Gabriel likened the ambitions of R3 to developments in the semiconductor industry. "In the 1950s and 1960s, semiconductors and electronics were precious things that you only used for important projects like the space program," he said. "Now that it is no longer a precious technology, you can open up the technology and it creates a virtuous cycle of new products that generate demand for new facilities."
With RNA, though, Gabriel cautioned that the goal should not be to just set up a big foundry that collects dust while the world waits for the next pandemic, but rather to have a well-greased machine in place, so when that capacity is needed, the supply is already there. "When the next pandemic comes along, you will have an existing manufacturing base that you can move to make what you need and then return it to standard production," he said.

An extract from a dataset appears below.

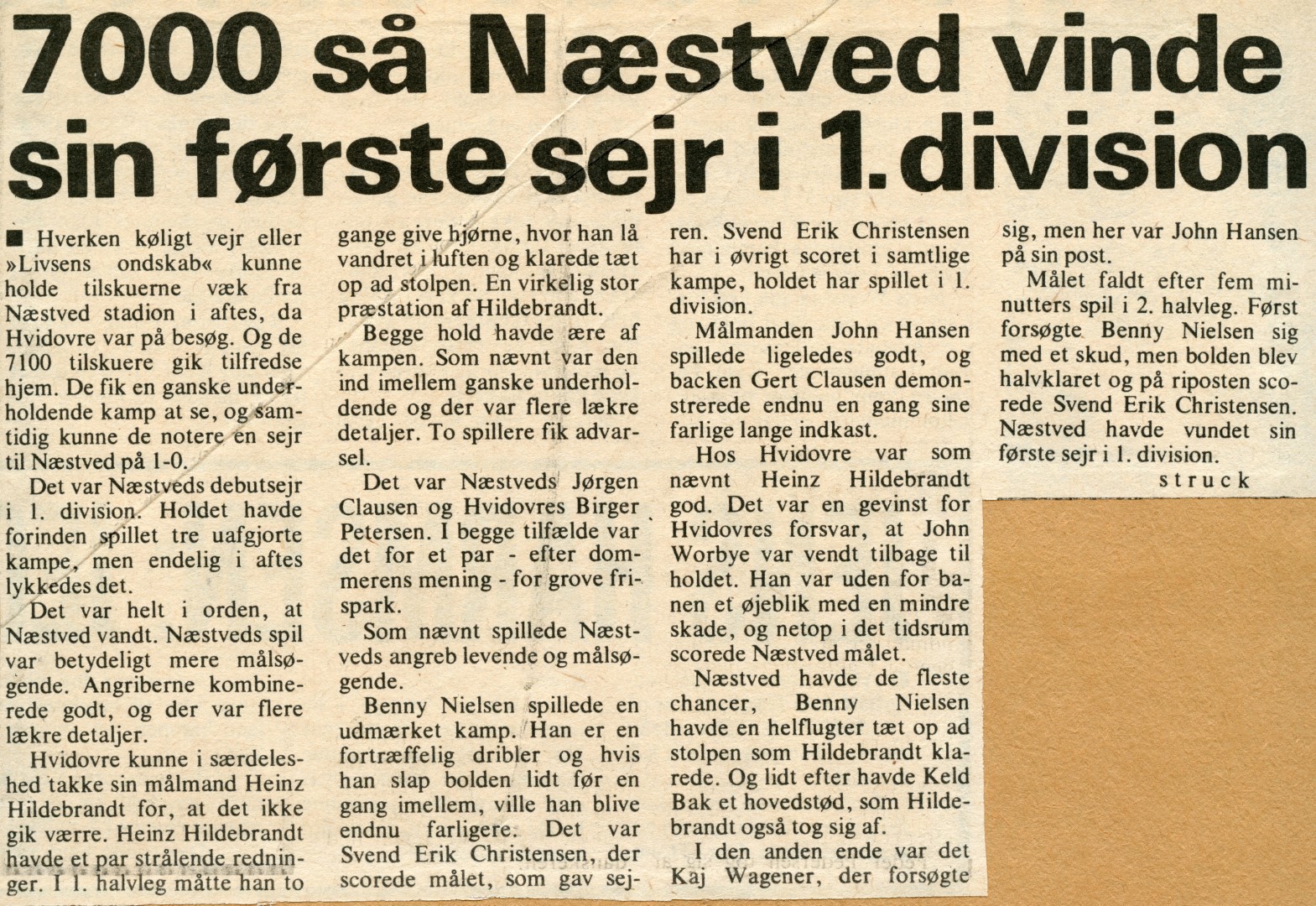 Én fejl — og den blev dyrMaltrakteringen af Vejle havde givet UK noget at spekulere på — hvortil kom, at et par spillere var skadet. Jørgen Lund og Jim Stjerne Hansen debuterede og var med i stedet for henholdsvis Poul Henrik Frederiksen, der var skadet, og Jens Ulv. John Worbye havde come-back efter sin udlandsfærd — var med i stedet for Kai Petersen — og Torben Gullak havde sin egentlige debut og erstattede Jørgen Kjeldergaard. Kampen var udmærket, rent underholdningsmæssigt, men nedsablingen af Vejle gjorde dog stadig indtryk. Heinz Hildebrandt spillede en meget fin kamp, men begik én fejl. Han var uopmærksom, da Svend Erik Christensen skød —og det vandt Næstved på.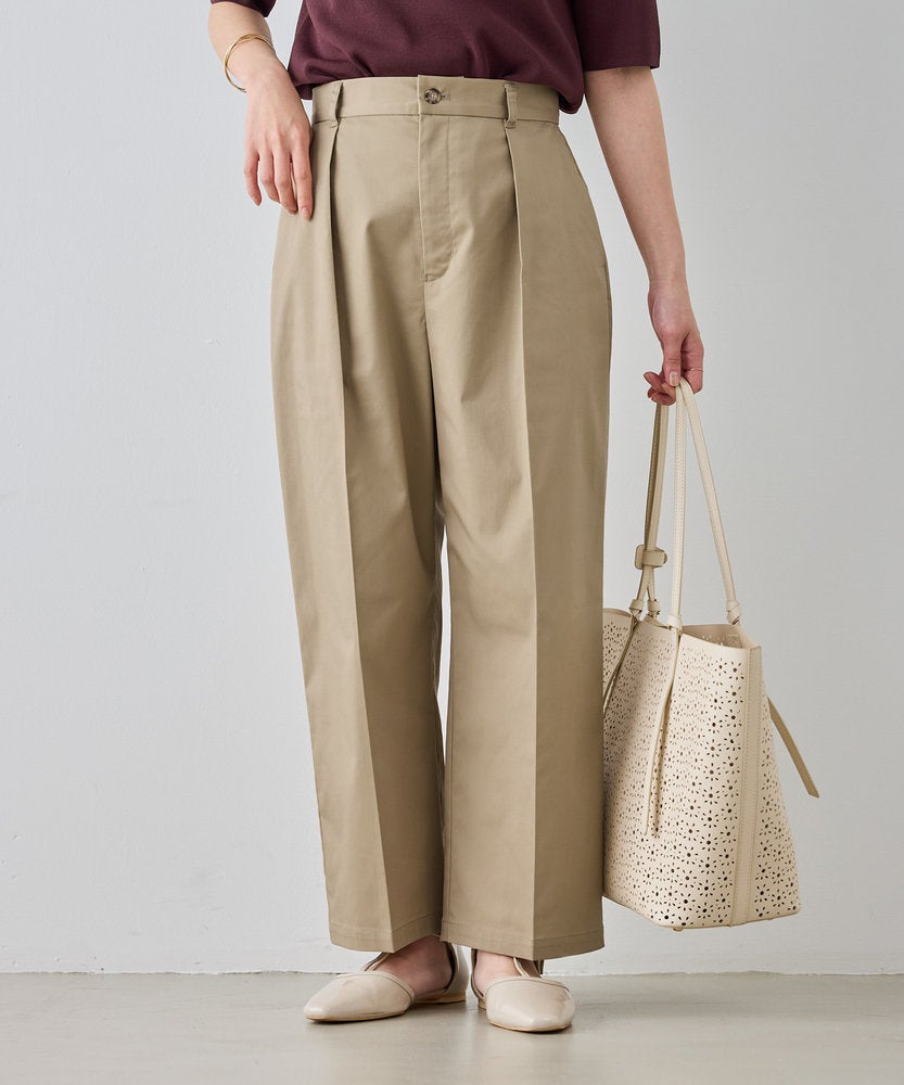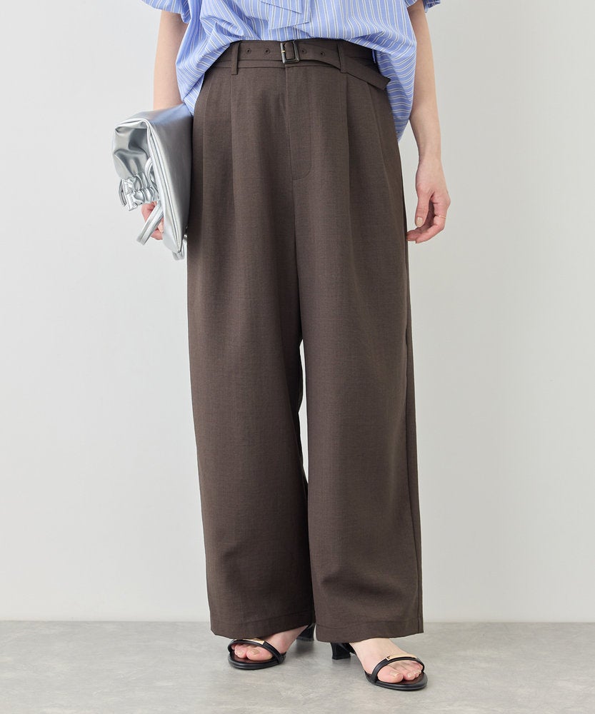 ウエストタックが美しいシルエットを叶えるワイドパンツ。太すぎない絶妙な裾幅で脚のラインを拾いにくくスタイルアップ効果も期待できます。ウエスト内側のサイドベルトにより、さらに自分好みのフィット感に調整可能です。

Gabriel said some but not all of the components to meet the goals of R3 are in place yet. "We think that some of the pieces exist, but six months from now, we will find out something doesn't exist," he said. "Then we will need to work on it and make it happen."
Like Medini, Gabriel also could not comment on what specific technologies will be used in R3, but he said the effort is not necessarily wedded to any approach. "We may make multiple shots on goal and try different approaches," he said. "Our guiding principle is what will help us achieve the objectives of the program."